Here it’s useful to remember that $r_{ik’} = p\left( z_i=k’ | x_i, \theta^{t-1} \right) $ and so $\sum_{k’} r_{ik’} = 1$. Therefore after sum both sides of \eqref{eq:sample2} we get $\lambda = - N$ resulting in:

\[\pi_k = \frac{1}{N} \sum_{i=1}^N r_{ik}\]

which just intimates that $\pi_k$ is the average responsibility/contribution of Normal $k$ to datum $x_i$.

Computing the expressions for $\mu_k, \sigma_k$ is more annoying but follows the same procedure as standard MLE for Normals:

\[\sum_{i=1}^N \sum_{k=1}^K r_{ik} \log \left[ \frac{1}{\sqrt{\left( 2 \mbox{ pi}\right) \sigma_k^2}} \exp \left(- \frac{\left( x_i - \mu_k \right) ^2}{2\sigma_k^2} \right) \right] = \sum_{i=1}^N \sum_{k=1}^K \frac{r_{ik}}{2} \left( - \log \left[ \left( 2 \mbox{ pi}\right) \sigma_k^2 \right] - \frac{\left( x_i - \mu_k \right) ^2}{\sigma_k^2} \right)\]

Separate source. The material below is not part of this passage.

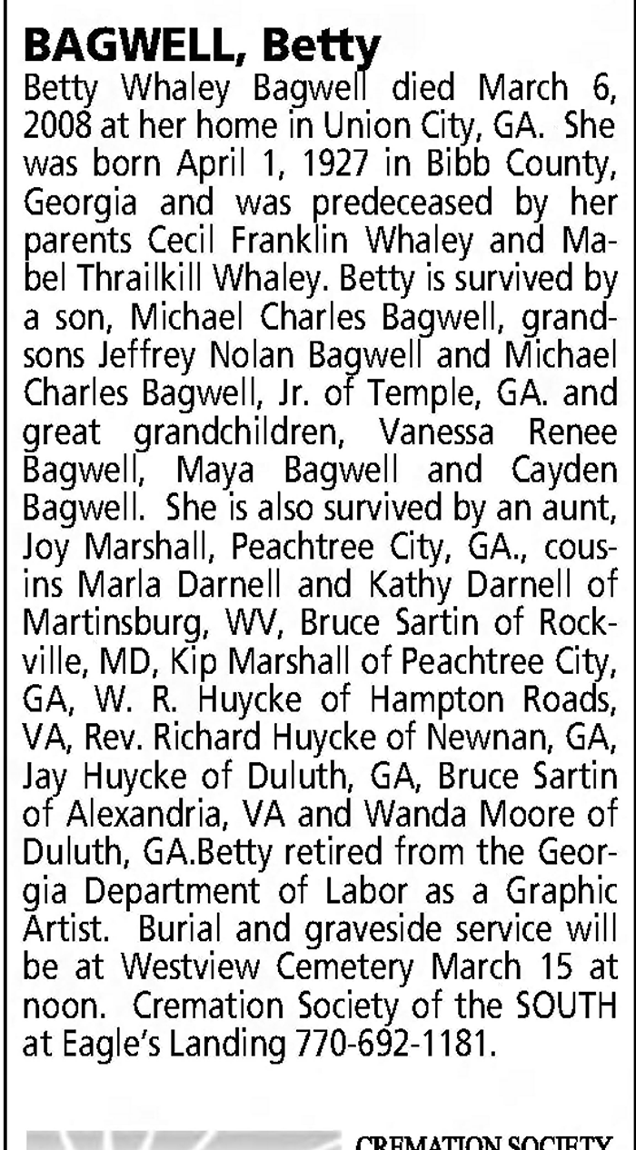 Betty Whaley Bagwell died March 6, 2008. She was born April 1, 1927 in Bibb County. She was preceded in death by her parents, Cecil Franklin and Mabel Thrailkill Whaley. She was retired from the Georgia Department of Labor as a graphic artist. Graveside services were at Westview Cemetery, Atlanta. Survivors include a son, Michael Charles Bagwell; grandsons, Jeffery Nolan Bagwell and Michael Charles Bagwell, Jr., Temple, Ga; great-grandchildren, Vanesse Rene Bagwell, Maya Bagwell, and Cayden Bagwell; an aunt, Joy Marshall, Peachtree City; and cousins, Maria Darnell and Kathy Darnell, both of Martinsburg, W. Va., Bruce Sartin, Rockville, Md., Kip Marshall, Peachtree City, W. R. Huycke, Hampton Roads, Va., the Rev. Richard Huycke, Newman, Jay Huycke, and Wanda Moore, both of Duluth, and Bruce Sartin, Alexandra, Va. Cremation Society of the South at Eagle's Landing was in charge.

Maximizing with respect to $\mu_{k’}$ we get

\[\mu_k = \frac{ \sum_{i=1}^N r_{ik} x_i}{ \sum_{i=1}^N r_{ik} }\]

Maximizing with respect to $\sigma_{k’}$ we get

\[\sigma_k = \frac{ \sum_{i=1}^N r_{ik} \left(x_i - \mu_k\right)^2}{ \sum_{i=1}^N r_{ik} }\]

(just follow the same procedure as for conventional MLE of Normal).